On 11/29/2013 01:13 AM, Andreas Karlsson wrote:


When doing partial matching the code need to be able to return the union
of all TIDs in all the matching posting trees in TID order (to be able
to do AND and OR operations with multiple search keys later). It does
this by traversing them posting tree after posting tree and collecting
them all in a TIDBitmap which is later iterated over.


I think it's not a plain union. My understanding is that - to evaluate a
single key (typically array) - you first need to get all the TID streams
for that key (i.e. one posting list/tree per element of the key array)
and then iterate all these streams in parallel and 'merge' them using
consistent() function. That's how I understand ginget.c:keyGetItem().


For partial matches the merging is done in two steps: first a simple 
union of all the streams per key and then second merging those union 
streams using the consistent() function.


It is the first step that can be lossy.


So the problem of partial match is (IMO) that there can be too many TID
streams to merge - much more than the number of elements of the key array.


Agreed.

--
Andreas Karlsson


--
Sent via pgsql-hackers mailing list (pgsql-hackers@postgresql.org)
To make changes to your subscription:
http://www.postgresql.org/mailpref/pgsql-hackers


Re: [HACKERS] Todo item: Support amgettuple() in GIN

2013-11-29 Thread Antonin Houska
On 11/29/2013 01:57 PM, Andreas Karlsson wrote:
 On 11/29/2013 09:54 AM, Antonin Houska wrote:
 On 11/29/2013 01:13 AM, Andreas Karlsson wrote:

 When doing partial matching the code need to be able to return the union
 of all TIDs in all the matching posting trees in TID order (to be able
 to do AND and OR operations with multiple search keys later). It does
 this by traversing them posting tree after posting tree and collecting
 them all in a TIDBitmap which is later iterated over.

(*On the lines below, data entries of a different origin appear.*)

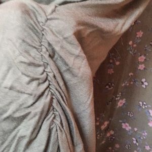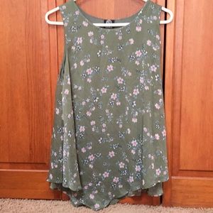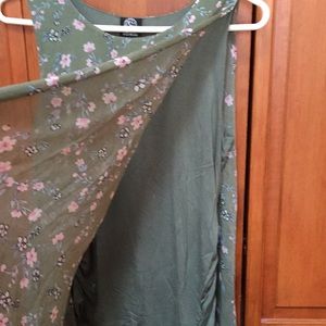 Celery green with soft pink and baby blue flowers. Chiffon overlay is open on one side to show under layer which has ruching on the sides. Fun and sexy! 19 inches p to p and the under layer is about 22 inches.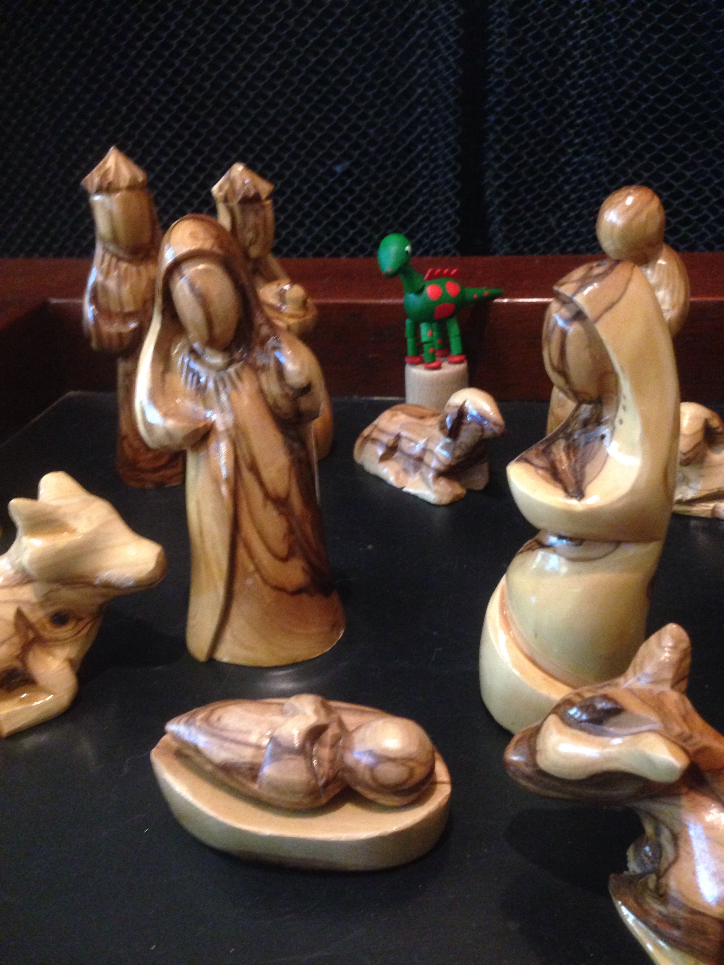 A complete nativity scene A picture from when I was setting up Christmas decorations. How do you know when the nativity scene is complete? The dinosaur arrives! Share this: Share on X (Opens in new window) X Share on Facebook (Opens in new window) Facebook Like Loading... Related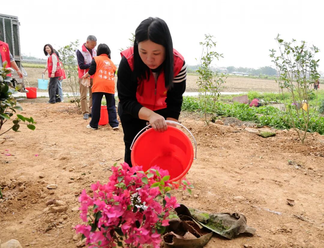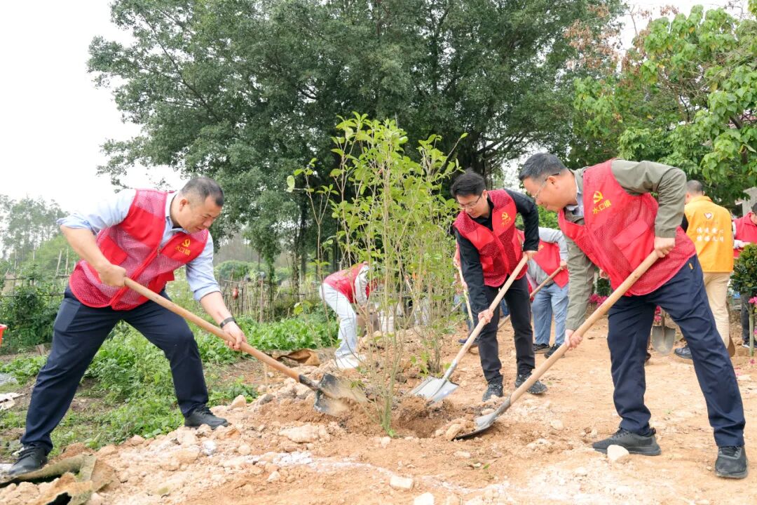 活動現場,梁毅渝、劉劍鋒、胡萬程等市鎮領導帶頭垂范,與鎮村黨員干部、企業代表、志愿者們齊心協力、共同添綠。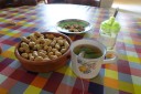 グラニョンを過ぎて暫く歩くと、カスティーリャ・レオン州に入ります。聖ドミンゴの生まれた村ビロリア・デ・リオハで入った寄付制の休憩所、不揃いの落花生が美味くて止まりません。聖ドミンゴが生まれたCasa de Santo Domingo de la Calzadaには2羽のニワトリを従えたドミンゴ像があります。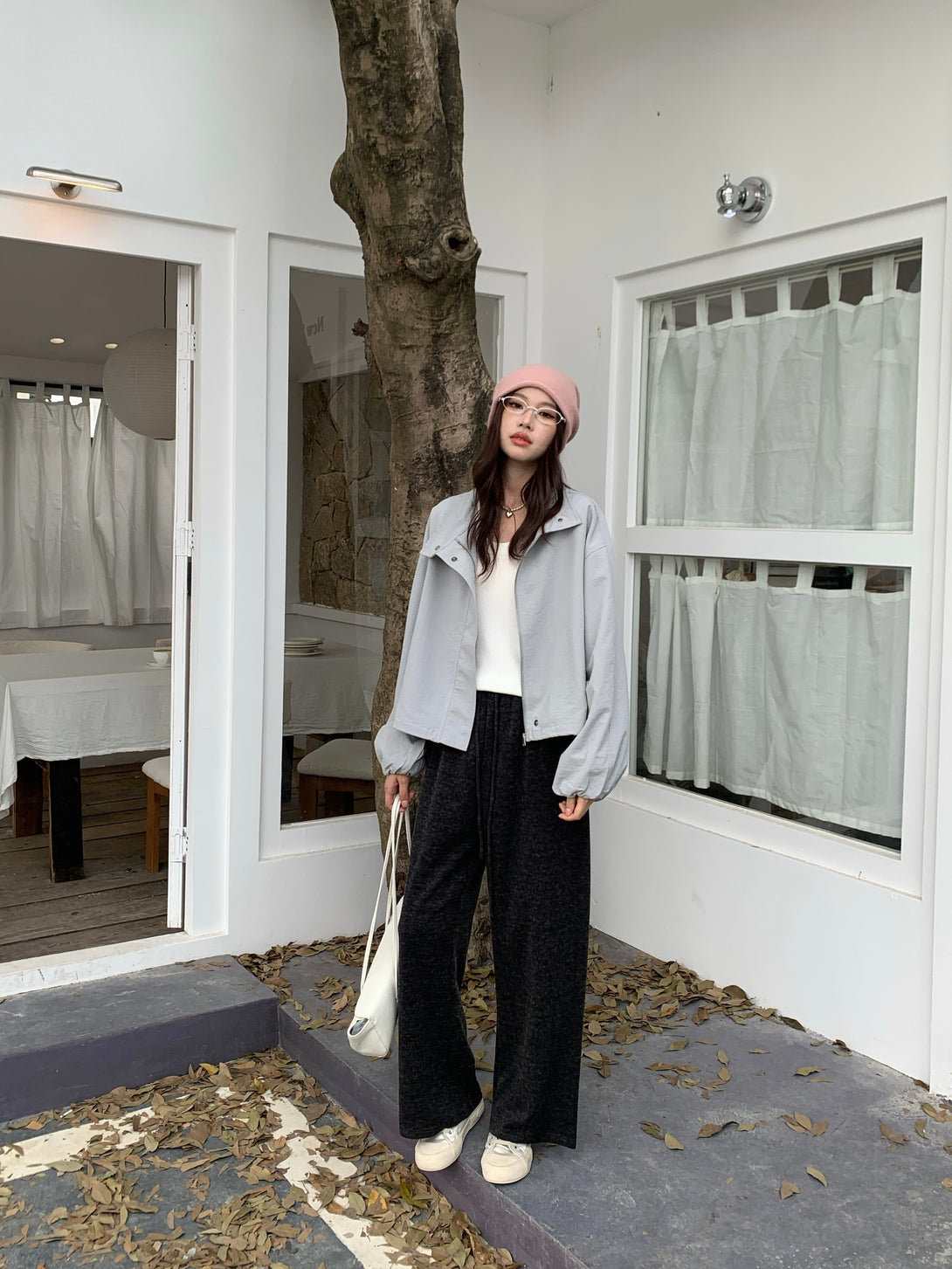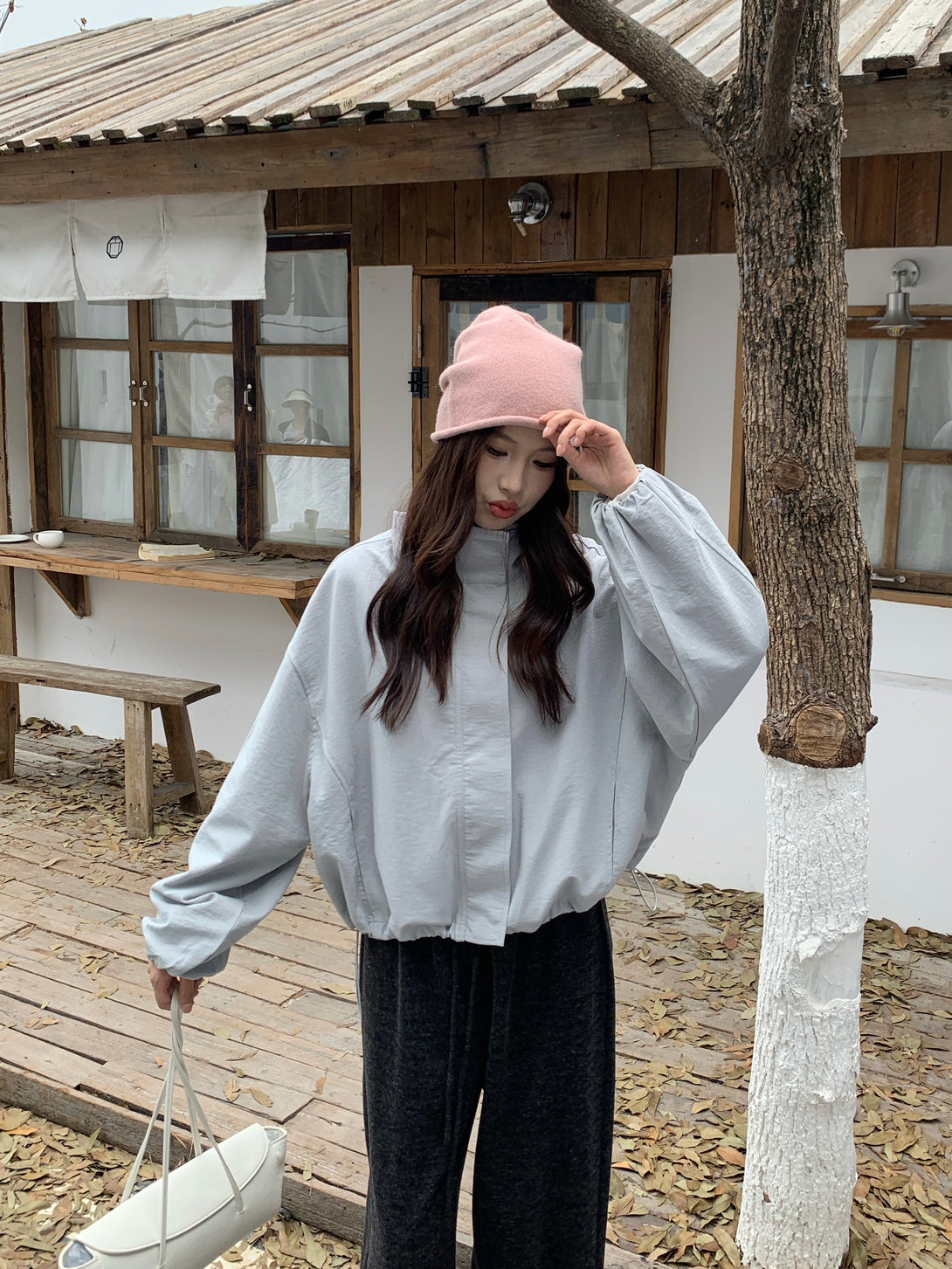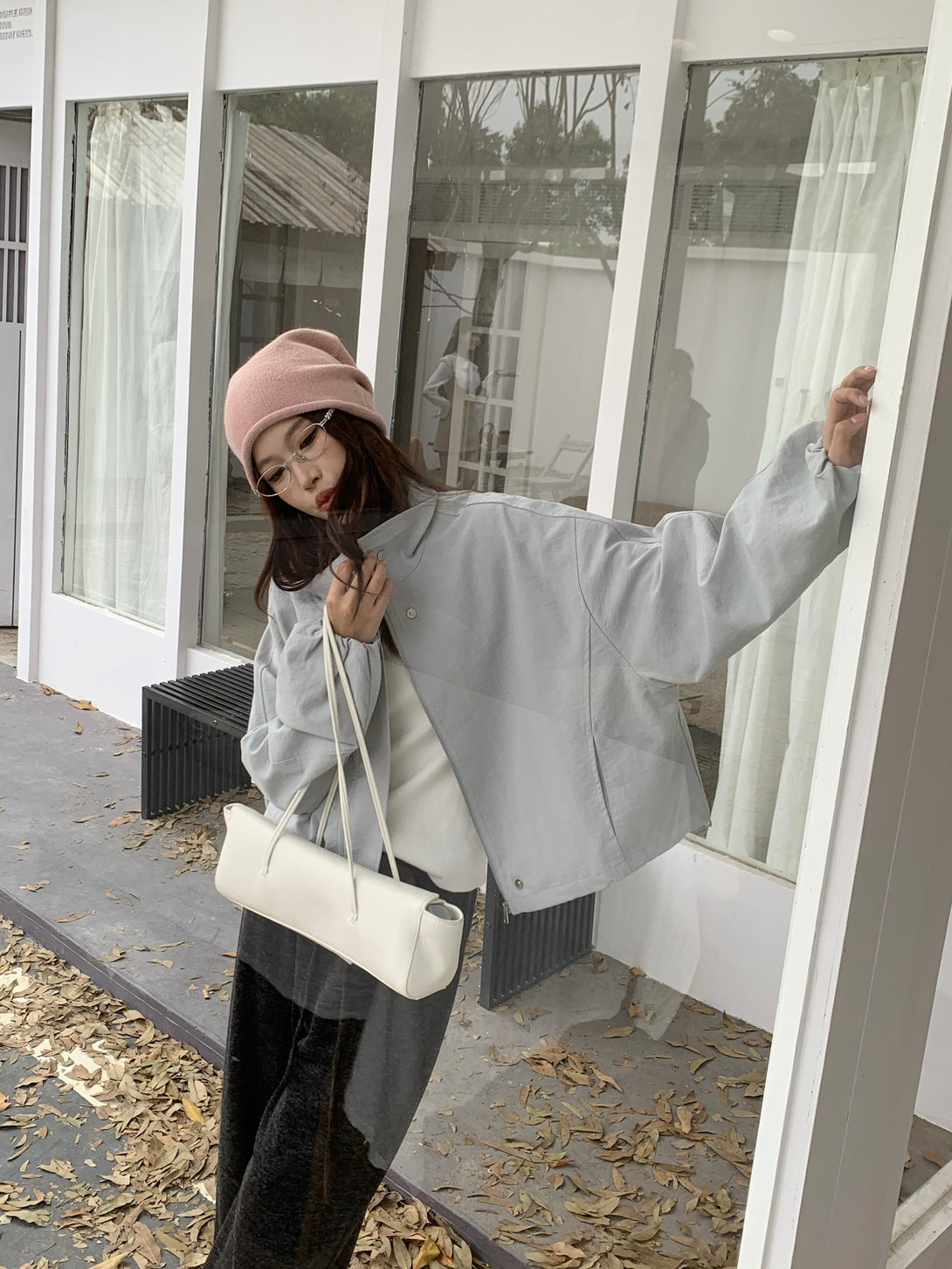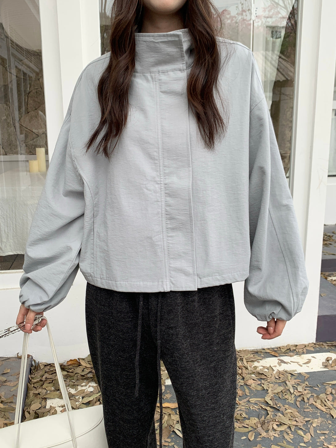 This light gray jacket is the perfect mix of simplicity and elegance~ Its slightly oversized fit gives off a relaxed, effortless vibe, while the lightweight fabric keeps it structured and stylish. Whether paired with dark trousers or a skirt, it brings out that soft-but-cool charm!

 I think it's not a plain union. My understanding is that - to evaluate a
 single key (typically array) - you first need to get all the TID streams
 for that key (i.e. one posting list/tree per element of the key array)
 and then iterate all these streams in parallel and 'merge' them  using
 consistent() function. That's how I understand ginget.c:keyGetItem().
 
 For partial matches the merging is done in two steps: first a simple 
 union of all the streams per key and then second merging those union 
 streams using the consistent() function.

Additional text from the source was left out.